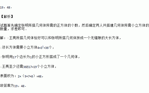 如图,在一次数学活动课上,张明用17个边长为1的小正方形搭成了一个几何体,然后他请王亮用其他同样的小正方体在旁边再搭一个几何体,使王亮所搭几何体恰好可以和张明所搭几何体拼成一个无缝隙的大长方体(不改变张明所搭几何体的形状),那么王亮至少还需要 个小立方体,王亮所搭几何体的表面积为 .
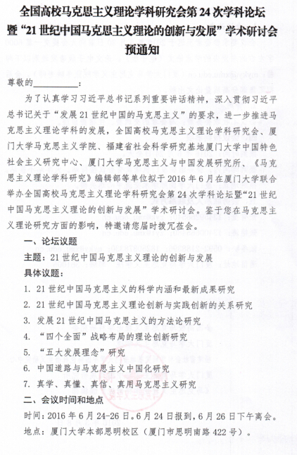 转:全国高校马克思主义理论学科研究会第24次学科论坛预通知
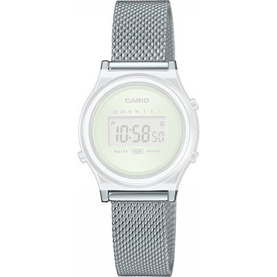 Esta bracelete de relógio Casio é feita de aço inoxidável e está fixada ao relógio através de pinos de pressão. A bracelete tem uma largura de 13 mm e fecha através de fecho milanese. A bracelete tem uma montagem a direito, o que significa que esta bracelete é adequada para todos os relógios Casio com montagem da bracelete a direito.
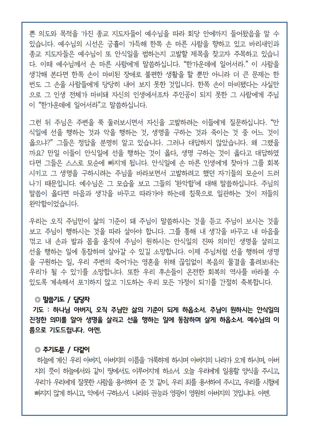 주일 설교 예배요약
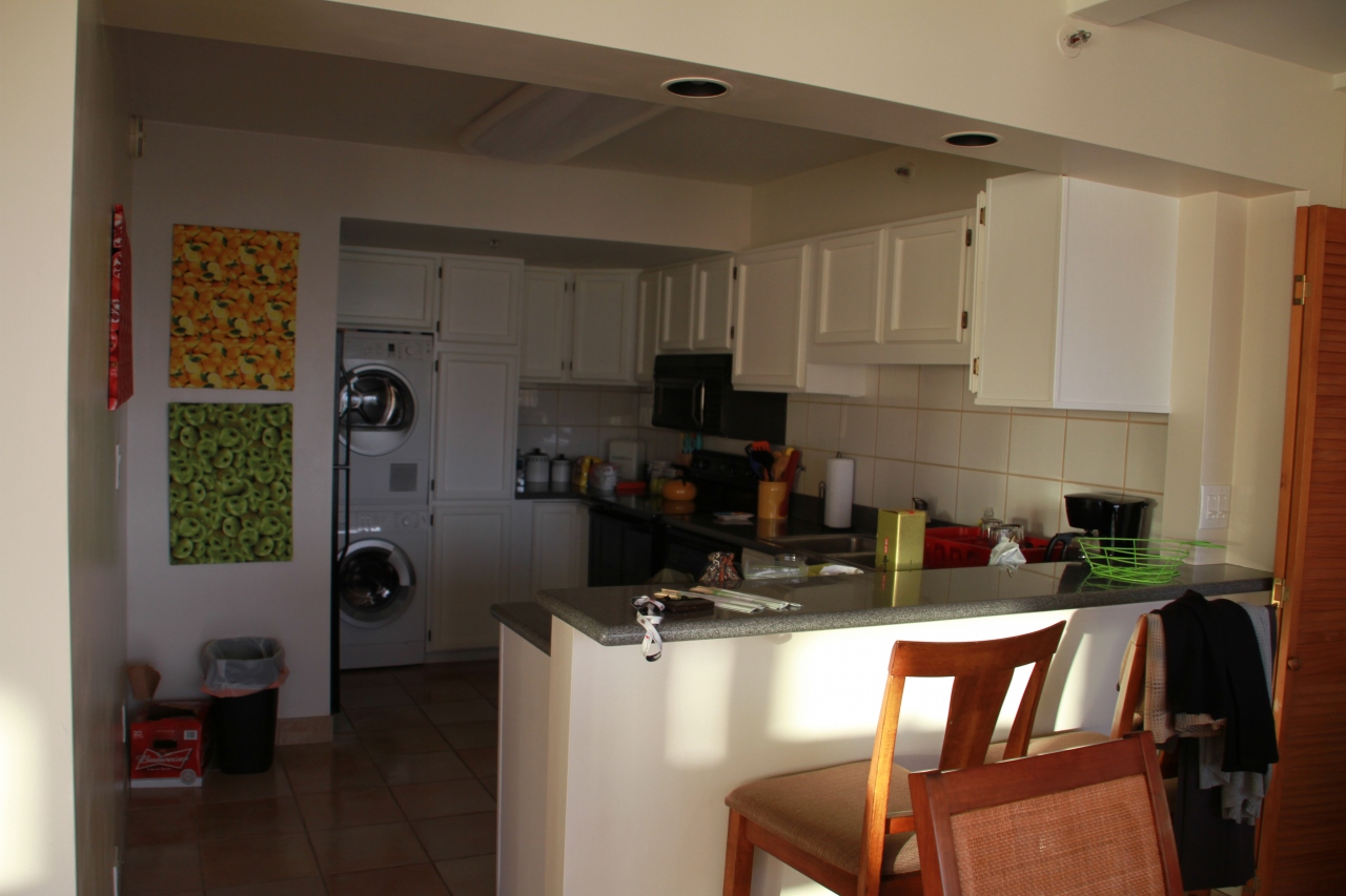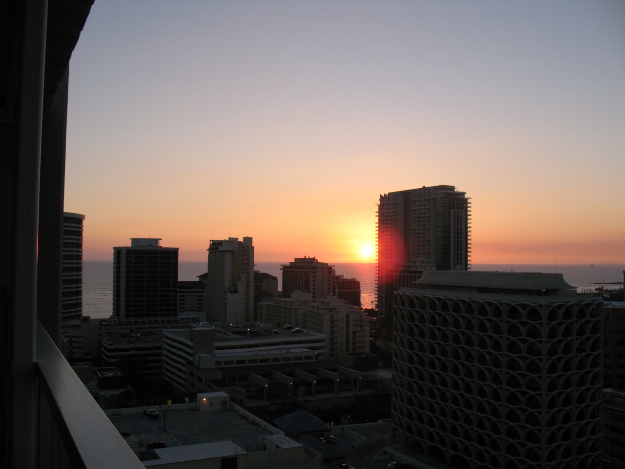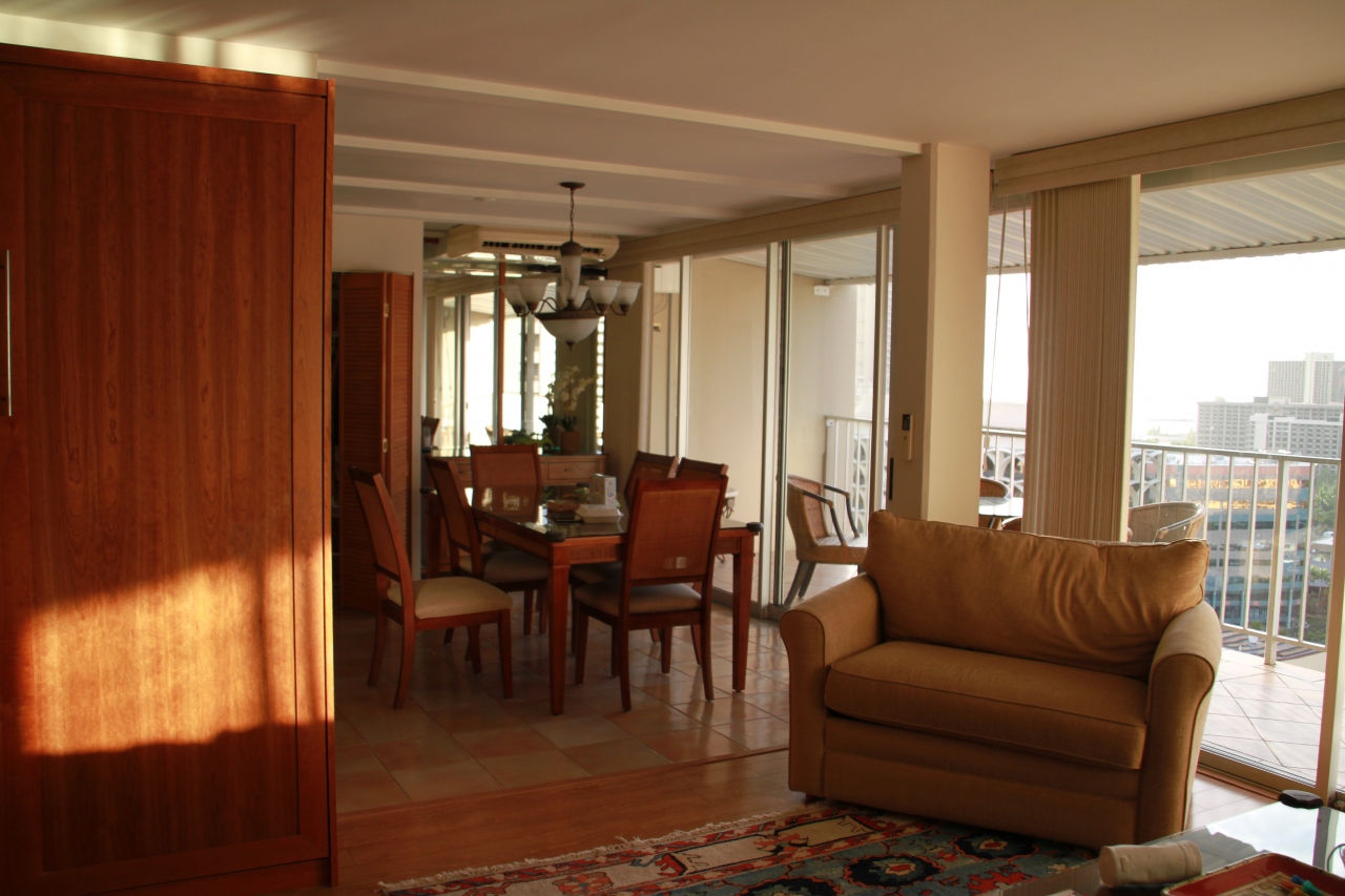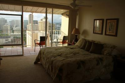 ここはホテルというよりコンドです。クヒオ通りに面してDFSの隣になりますが、PHは最上階のためパーシャルとはいえ海がはっきりと見えます。レンタカーで行動する私達にはワイキキでは高い駐車場も無料でついているのがうれしい。部屋に上がるには貸与されているキーがないと部屋の階にもあがれませんので、セキュリティー面でも安心です。基本1ベッドルームですが、マスターベッドにウォールベッドそれにソファベッドがありますので、大人6人が滞在しても余裕です。長期滞在にうれしいのはなにより室内に洗濯乾燥機があることに加え大型冷蔵庫とフルキッチンでしょう。トイレバスも二つ備わっています。ヒルトンの金曜日の花火も見えます。
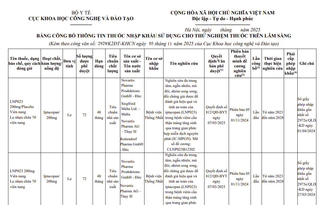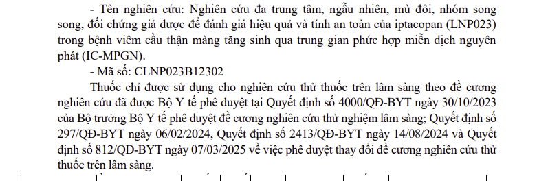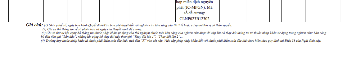Thông tin các thuốc nhập khẩu sử dụng cho thử nghiệm thuốc trên lâm sàng (Mã số: CLNP023B12302)
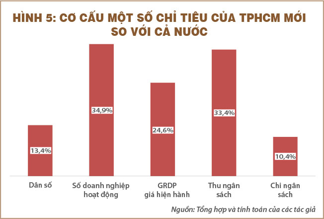 13,4% dân số của cả nước nằm ở TPHCM, với 34,9% số doanh nghiệp đã tạo ra khoảng một phần tư GDP và một phần ba số thu ngân sách của cả nước, nhưng TPHCM chỉ chiếm 10,4% mức chi ngân sách của cả nước. Mức chi ngân sách so với GRDP hợp lý với TPHCM trong hai thập niên tới cần nâng lên gấp đôi con số hiện tại hay ở mức của Tokyo và Singapore. Trước mắt, mức chi ngân sách của thành phố nên bằng mặt bằng chung của cả nước hay chi ngân sách so với GRDP của TPHCM cần được nâng ngay lên mức khoảng 10% GRDP, tương đương với Hà Nội hiện nay.
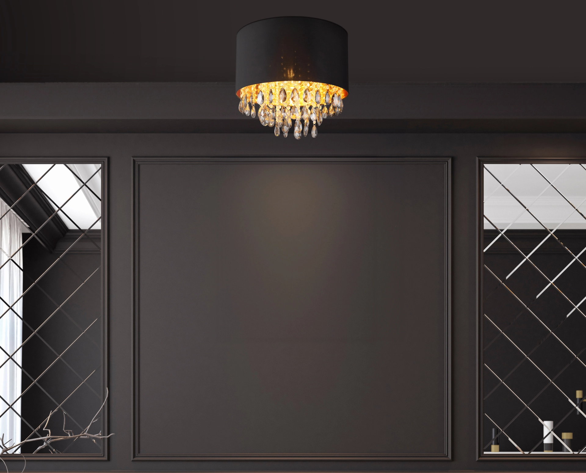 The COLETTA ceiling lamp impresses with a round textile shade and sparkling crystal hanging inside. The black, matt shade and the clear, smoky crystals set luxurious accents in classic living spaces. This luminaire is suitable for an E27 bulb (exclusive).
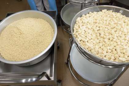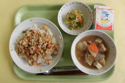 今日は、高野豆腐のそぼろかけごはんです。大豆はそのまま蒸したり、煮たりして食べるほかに、様々な加工品に姿を変えています。高野豆腐も大豆からできる食品の一つです。今日の給食では、写真のように高野豆腐を細かくしてから、肉や野菜と一緒に煮込んでいます。
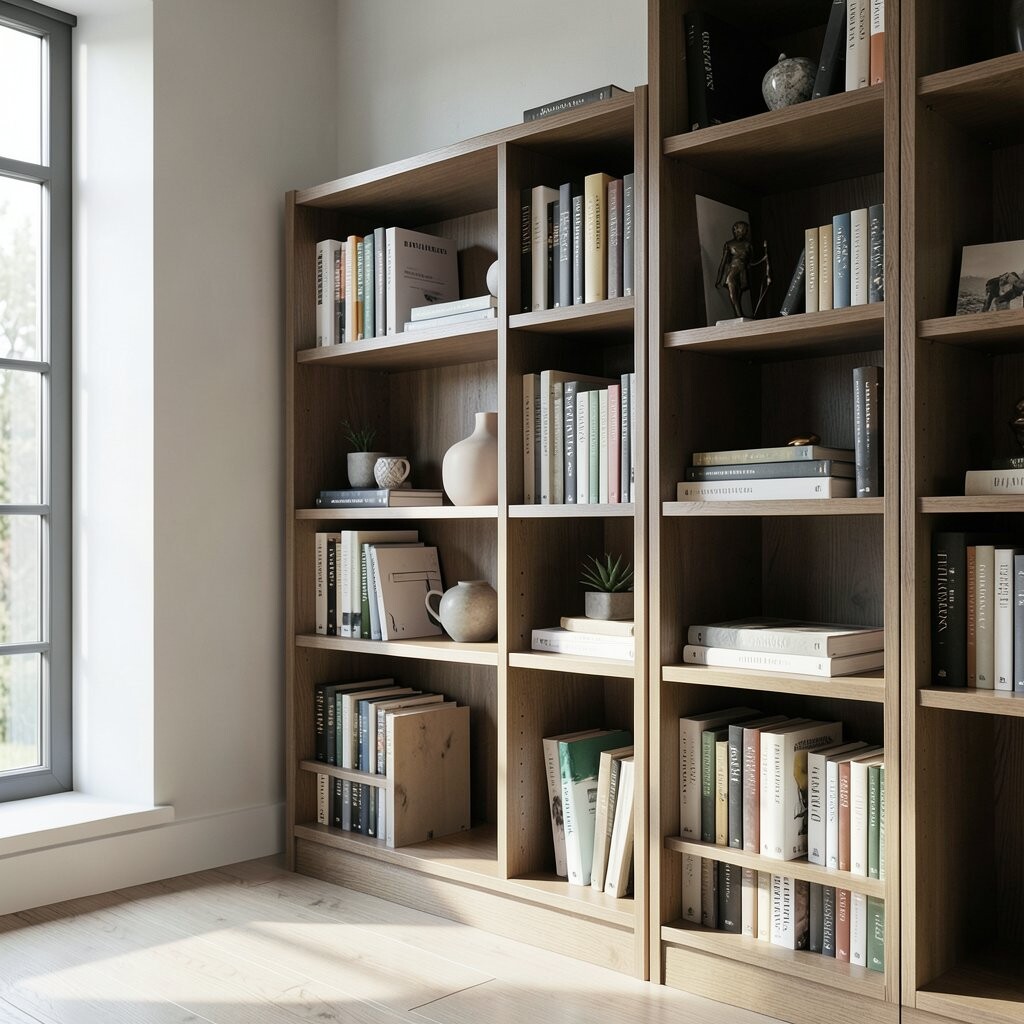 Arrange your books by color, size, or theme for a neat and stylish look. Add decorative objects and plants for variety.

> [What the task requires] Looking above, find the stretch of lines that opens with the one holding "转:全国高校马克思主义理论学科研究会第24次学科论坛预通知" and closes with the one holding "ここはホテルというよりコンド". Copy it exactly, pictures excluded.

> [Result of the exercise]
 转:全国高校马克思主义理论学科研究会第24次学科论坛预通知
 Esta bracelete de relógio Casio é feita de aço inoxidável e está fixada ao relógio através de pinos de pressão. A bracelete tem uma largura de 13 mm e fecha através de fecho milanese. A bracelete tem uma montagem a direito, o que significa que esta bracelete é adequada para todos os relógios Casio com montagem da bracelete a direito.
 주일 설교 예배요약
 ここはホテルというよりコンドです。クヒオ通りに面してDFSの隣になりますが、PHは最上階のためパーシャルとはいえ海がはっきりと見えます。レンタカーで行動する私達にはワイキキでは高い駐車場も無料でついているのがうれしい。部屋に上がるには貸与されているキーがないと部屋の階にもあがれませんので、セキュリティー面でも安心です。基本1ベッドルームですが、マスターベッドにウォールベッドそれにソファベッドがありますので、大人6人が滞在しても余裕です。長期滞在にうれしいのはなにより室内に洗濯乾燥機があることに加え大型冷蔵庫とフルキッチンでしょう。トイレバスも二つ備わっています。ヒルトンの金曜日の花火も見えます。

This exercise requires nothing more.